Germany Picks Anti-Trump President as Trans-Atlantic Bonds Fray12 February 2017 | 07:57 | Bloomberg
The Social Democrat who served two stints as foreign minister under Chancellor Angela Merkel emerged as her governing coalition’s candidate last November as the parties sought to avoid a political spat over the appointment in an election year. With the support of Merkel’s Christian Democratic-led bloc and the Social Democrats in a special assembly on Sunday, Steinmeier is all but assured victory to the mostly ceremonial post.
While Merkel steered clear of sharing her views on Trump before his election as president, her top diplomat vociferously derided what he saw as a campaign that broke taboos and threatened trans-Atlantic bonds. At one point, Steinmeier called Trump a “hate preacher.” As head of state, Steinmeier will be Trump’s counterpart according to protocol, even if the German presidency lacks the political or policymaking power held by the chancellor.
The day after Trump’s surprise election victory, Merkel issued a couched warning that offered the new U.S. president German cooperation based on joint values, including democracy, respect for the rule of law and for human dignity “independent of origin, skin color, religion, gender, sexual orientation or political views.” Steinmeier was less diplomatic.
“The result is not what most German would have wished,” Steinmeier said on Nov. 9. “I don’t want to sugarcoat anything. Nothing will be easier, many things will become more difficult.”
Steinmeier, 61, is set to succeed Joachim Gauck, 77, the one-time Protestant pastor and political dissident in communist East Germany who opted to stand down after serving a single five-year term.
The Federal Assembly, a constitutionally mandated body made up of lawmakers from the lower house and party representatives from the German states, will convene at noon in Berlin. Germany’s presidency mostly involves representing the country abroad, though Gauck has also intervened in domestic politics, including on Merkel’s handling of the refugee crisis.
Steinmeier, who had a 79 percent approval rating this month in a poll for public broadcaster ARD, came forward as a presidential hopeful after Merkel failed to find a suitable candidate from within her party bloc willing to run. Sigmar Gabriel, the outgoing Social Democratic leader who succeeded Steinmeier as foreign minister, stepped into the void, advocating for Steinmeier as the coalition’s choice. Wanting to avoid a costly battle over a presidential pick ahead of the Sept. 24 election, Merkel relented.
That setback is more pronounced now that the Social Democrats have enjoyed a surge in support after the surprise candidacy for chancellor of Martin Schulz, the former European Parliament president. Enthusiasm for Schulz in the SPD base has narrowed the gap with Merkel seven months before the vote, with one poll last week showing the party ahead.

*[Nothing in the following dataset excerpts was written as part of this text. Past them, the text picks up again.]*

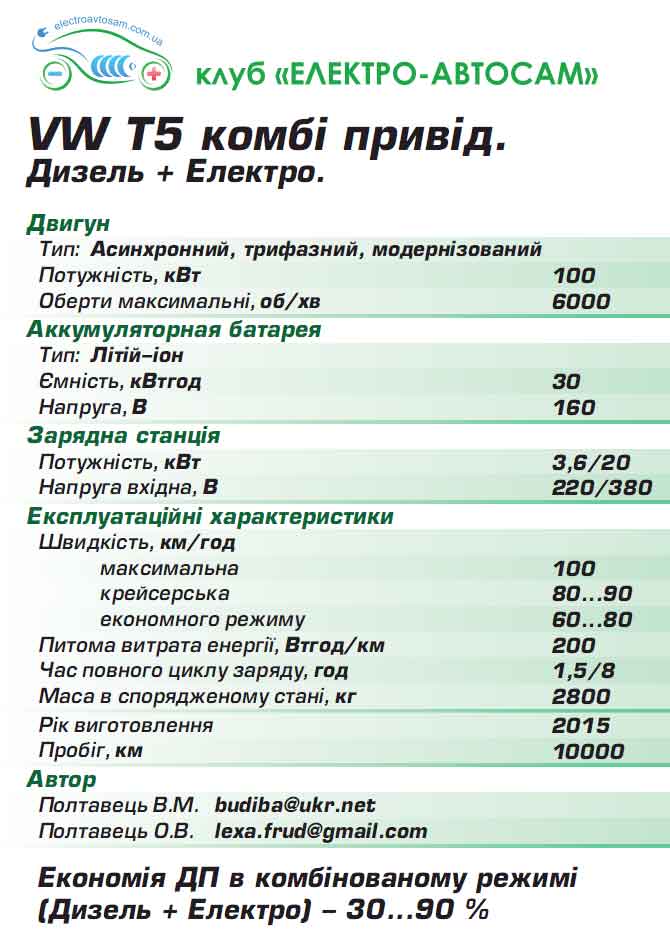 Досвід переобладнання мікроавтобуса Volkswagen T5 у комбі-привід.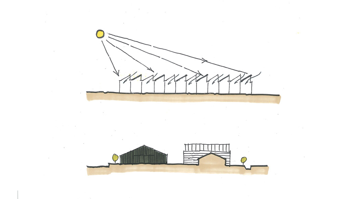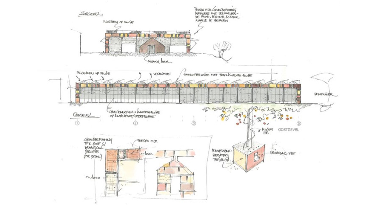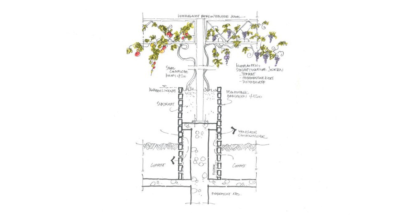 The cow-garden was inspired by FBW’s work in Africa, where nature is respected and integrated in the design and buildings. The green enters the building and around the columns nitrogen fixating plants such as nasturtiums and tomatoes are growing creating shadowy places under the transparent roof.
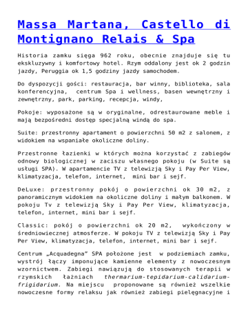Massa Martana, Castello di Montignano Relais & Spa Historia zamku sięga 962 roku, obecnie znajduje się tu ekskluzywny i komfortowy hotel. Rzym oddalony jest ok 2 godzin jazdy, Peruggia ok 1,5 godziny jazdy samochodem. Do dyspozycji gości: restauracja, bar winny, biblioteka, sala konferencyjna, centrum Spa i wellness, basen wewnętrzny i zewnętrzny, park, parking, recepcja, windy, Pokoje: wyposażone są w oryginalne, odrestaurowane meble i mają bezpośredni dostęp specjalną windą do spa. Suite: przestronny apartament o powierzchni 50 m2 z salonem, z widokiem na wspaniałe okoliczne doliny. Przestronne łazienki w których można korzystać z zabiegów odnowy biologicznej w zaciszu własnego pokoju (w Suite są usługi SPA). W apartamencie TV z telewizją Sky i Pay Per View, klimatyzacja, telefon, internet, mini bar i sejf. DeLuxe: przestronny pokój o powierzchni ok 30 m2, z panoramicznym widokiem na okoliczne doliny i małym balkonem. W pokoju Tv z telewizją Sky i Pay Per View, klimatyzacja, telefon, internet, mini bar i sejf. Classic: pokój o powierzchni ok 20 m2, wykończony w średniowiecznej atmosferze. W pokoju TV z telewizją Sky i Pay Per View, klimatyzacja, telefon, internet, mini bar i sejf. Centrum „Acquadegna” SPA położone jest w podziemiach zamku, wystrój łączy imponujące kamienne elementy z nowoczesnym wzornictwem. Zabiegi nawiązują do stosowanych terapii w rzymskich łażniach thermarium-tepidarium-calidariumfrigidarium. Na miejscu proponowane są również wszelkie nowoczesne formy relaksu jak również zabiegi pielęgnacyjne i rytuały spa. Wybrzeże Adriatyckie Popularny region wypoczynkowy ciągnie się od miasta portowego Triest aż po Brindisi, na południu kraju. Największą zaletą regionu są długie, piaszczyste plaże, z łagodnym wejściem do morza oraz bliskie sąsiedztwo słynnych, włoskich miast, jak Wenecja, Padwa, Werona. Najbardziej popularne miejscowości wypoczynkowe, to m.in.: Rosolina Mare, Lido Degli Estensi, Rimini, Cesenatico, Riccione, Cattolica. Liczne parki rozrywki oferują wiele atrakcji dla dzieci i dorosłych. Tradycyjna kuchnia jest zróżnicowana i raczej kaloryczna. Popularne dania to: Erbazzone (placek ze szpinakiem), pisarei e faso (pierożki z fasolą), tortelloni, agnolotti i wszelkiego rodzaju domowe makarony z pysznymi sosami i nadzieniami, szynka parmeńska, mortadela z Bolonii i wiele innych pysznych dań. Wino z tego regionu to: Gutturnio, produkowane na wzgórzach Piacenza, Trebbiano, Lambrusco, Barbera, Sauvignon i Sangiovese. DOJAZD Najpopularniejszym środkiem transportu jest samochód. Dla osób chcących dotrzeć szybciej proponujemy przelot – po szczegóły prosimy o kontakt z naszym biurem. Rimini Miasto położone nad morzem Adriatyckim, najbardziej znany kurort w tym regionie. Słońce, plaża, liczne lokale, centra rozrywki, parki wodne przyciągają licznych turystów. Ma również swoją starożytna historię, po której pozostały liczne pamiątki. Cesenatico Małe, urocze miasteczko, położone na wybrzeżu Adriatyckim. Wybrzeże rozciąga się na 7 km, a linia brzegowa jest szeroka od 100 do 200 metrów. Piasek jest złoty , delikatny i jednorodny. Dno jest miękkie, bez dziur lub prądów, łagodnie nachylone, co jest idealny miejscem na wypoczynek z dziećmi. Liczne atrakcje na plaży sprzyjają aktywnemu wypoczynkowi. Cesenatico, Residence Hotel Alexia Palace**** Apartamenty znajdują się w spokojnej części miasta, ok. 400 metrów od plaży, oraz 1 km od centrum, w którym jest dużo wszelkiego rodzaju sklepów, barów, lodziarni i kawiarni. Luksusowy budynek wyposażony jest we wszystkie udogodnienia: klimatyzację, ogrzewanie, garaż, łaźnię turecką, bar, fitness, basen, salę konferencyjną, czytelnię, salę TV, basen, saunę, centrum odnowy biologicznej. Bilocale 4 os: sypialnia dwuosobowa z podwójnym łóżkiem lub dwoma pojedynczymi łóżkami, pokój dzienny z rozkładaną, dwuosobową kanapą, aneks kuchenny, łazienka z prysznicem. 04/01 – 29/03 27/09 – 27/12 29/03 – 24/05 13/09 – 27/09 24/05/ – 21/06 21/06 – 02/08 02/08 – 23/08 23/08 – 13/09 2649 2885 3056 3663,5 4956 3663,5 Cena w PLN obejmuje: wynajęcie apartamentu na tydzień, opłatę za wodę, prąd i gaz, końcowe sprzątanie (aneks kuchenny sprząta klient), pościel i ręczniki, korzystanie z klimatyzacji, basenu, 1 miejsce parkingowe Cena nie obejmuje: taksy klimatycznej (płatnej na miejscu). Dodatkowe sprzątanie 40 Euro. Wi Fi 5 Euro/godz. Kaucja zwrotna 150 Euro. Uwaga: basen czynny od 15/06 do 15/09. Wyjazd i przyjazd: sobota. Lido Adriano, Belvedere Residence Apartamenty usytuowane są w blokach mieszkalnych, bezpośrednio przy plaży, 13 km od Rawenny. W miejscowości znajduje się centrum handlowe z wieloma atrakcjami. Basen dla dorosłych, drugi dla dzieci, parking. Trilocale 6 os: sypialnia z podwójnym łóżkiem, pokój z dwoma pojedynczymi łóżkami lub łóżkiem piętrowym, pokój dzienny z rozkładaną, dwuosobową kanapą, aneks kuchenny, łazienka z prysznicem, balkon. 03/05-31/05 21/06-28/06 28/06-26/07 31/05-21/06 16/08-30/08 30/08-20/09 26/07-02/08 02/08-16/08 1385 2070 2761 3522 2832 Cena w PLN obejmuje: wynajęcie apartamentu na tydzień, opłatę za wodę, prąd i gaz, korzystanie z basenu, Cena nie obejmuje: końcowe sprzątanie 45 Euro (klient zobowiązany jest do sprzątnięcia kuchni, w przypadku nie sprzątnięcia będzie pobrana opłata 45 Euro). Pościel 15 Euro/zmiana-musi być zgłoszone podczas rezerwacji. Taksa klimatyczna (płatna na miejscu). Kaucja zwrotna 70 Euro. Uwaga: basen czynny od 15/06 do 15/09. Przyjazd i wyjazd: sobota. Lido degli Scacchi, Residence Granchio Położone w nowoczesnym kurorcie, na Lido Comacchio, które obejmuje całe wybrzeże prowincji Ferrara. 27 kilometrów piaszczystych plaż, najszerszych nad Adriatykiem. Apartamenty znajdują się bezpośrednio przy piaszczystej plaży. Bilocale 4 os: pokój dzienny z rozkładaną, dwuoso

Even if Merkel’s support was reluctant, few questioned Steinmeier’s ability to take over the country’s highest office. Steinmeier came to Berlin as the chief of staff to former Chancellor Gerhard Schroeder, overseeing German foreign intelligence in the years after the Sept. 11 attacks in the U.S. When Merkel took office in 2005 with the Social Democrats as junior partner, the Schroeder acolyte became foreign minister.
Steinmeier challenged Merkel for the chancellorship in 2009, which resulted in the Social Democrats’ worst result since World War II and a legislative term in the opposition, which Steinmeier led in the lower house. He returned to the Foreign Ministry when Merkel formed another so-called grand coalition with the SPD in 2013.
Merkel has had little luck in German presidential politics during her 11-year chancellorship. Horst Koehler, a former International Monetary Fund managing director whom she helped into office before she was chancellor, abruptly resigned in 2010, citing lack of support from political Berlin.
To replace Koehler, Merkel looked to party colleague Christian Wulff, a premier from Lower Saxony who resigned less than two years into his term amid a scandal involving legal probes. The chancellor initially opposed Gauck as a replacement, but her hand was forced when her coalition partner at the time threw its backing to him.